My phone went again. It was Jane, she had finished. She had left Larry at 21 miles. Her time 4.39.55 she had taken more than 8 minutes off our Edinburgh time - what a star! She told me to head for the baggage claim sign when I finished and she would be there.
"How far" I asked the crowd, "about 3 miles" came the reply. I kept plodding, it wasn't far now. I caught sight of that rhino on my shoulder again, I hadn't come this far for him to beat me now. There was another one just in front of me, the commentator started to encourage the Rhinos. One of them had his name displayed Rhino Steve, I crossed the line with him and kept the other one behind.
After I'd finished, this man in a white tracksuit came over to me and showed me the way to my medal, a photographer took my photo. I went onto the platform to have my chip taken off, I'd put two tapes on it to make sure I didn't lose it.
I could hardly walk now. Quasimodo didn't have a look in, I was dragging my leg behind me. I got my goody bag and got my phone out to phone Jane - before I could press the button there she was, my mate Jane.
The fate of me answering that phone 4 years earlier meant I had just finished the London marathon. We had both dreamt of doing it and now we had.

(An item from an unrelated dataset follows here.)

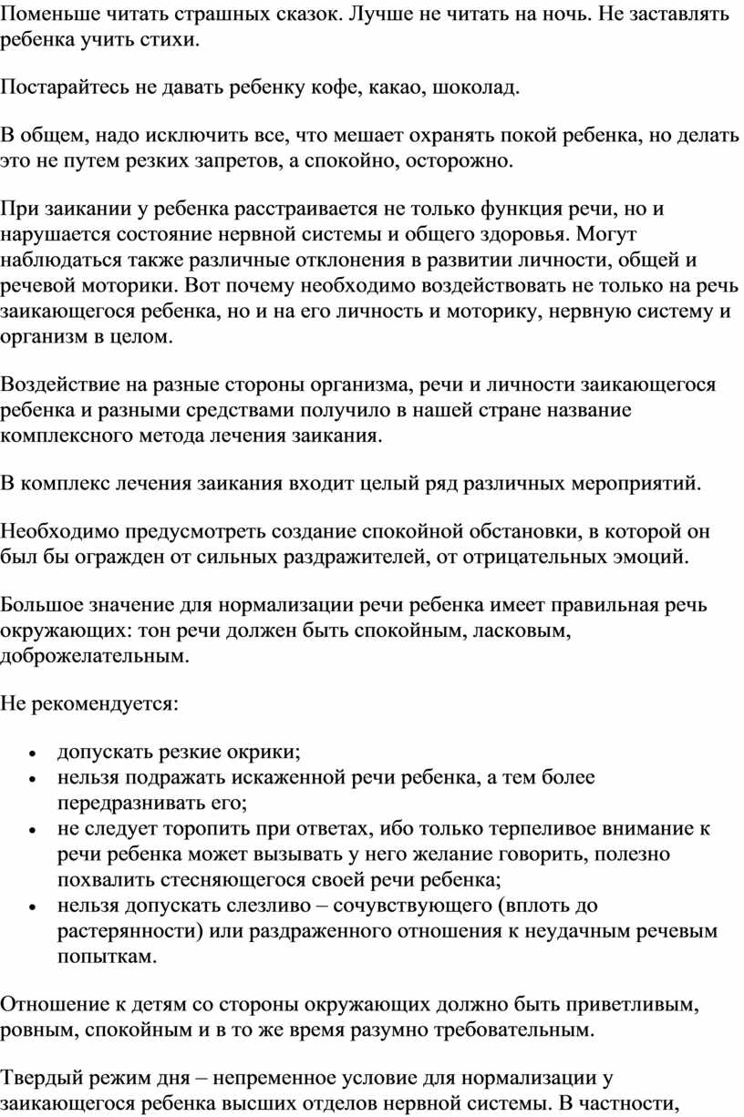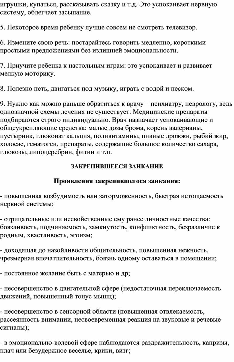При заикании у ребенка расстраивается не только функция речи, но и нарушается состояние нервной системы и общего здоровья. Могут наблюдаться также различные отклонения в развитии личности, общей и речевой моторики. Вот почему необходимо воздействовать не только на речь заикающегося ребенка, но и на его личность и моторику, нервную систему и организм в целом.

Running a marathon is like childbirth. All that anticipation, not knowing what lies ahead, or what to expect, you cross that finish line and you forget the pain and want to do it all over again. Watch out London we hope to be back again next year. Larry got 5.16 and I got 5.19.
I finally gave up the cigs 11 months and 6 days ago, I am clean now and I will never smoke again - I smell nicer, I have more money, and best of all I am fitter and healthier, and I intend to be around for a helluva lot longer folks. I am clean and I ran London.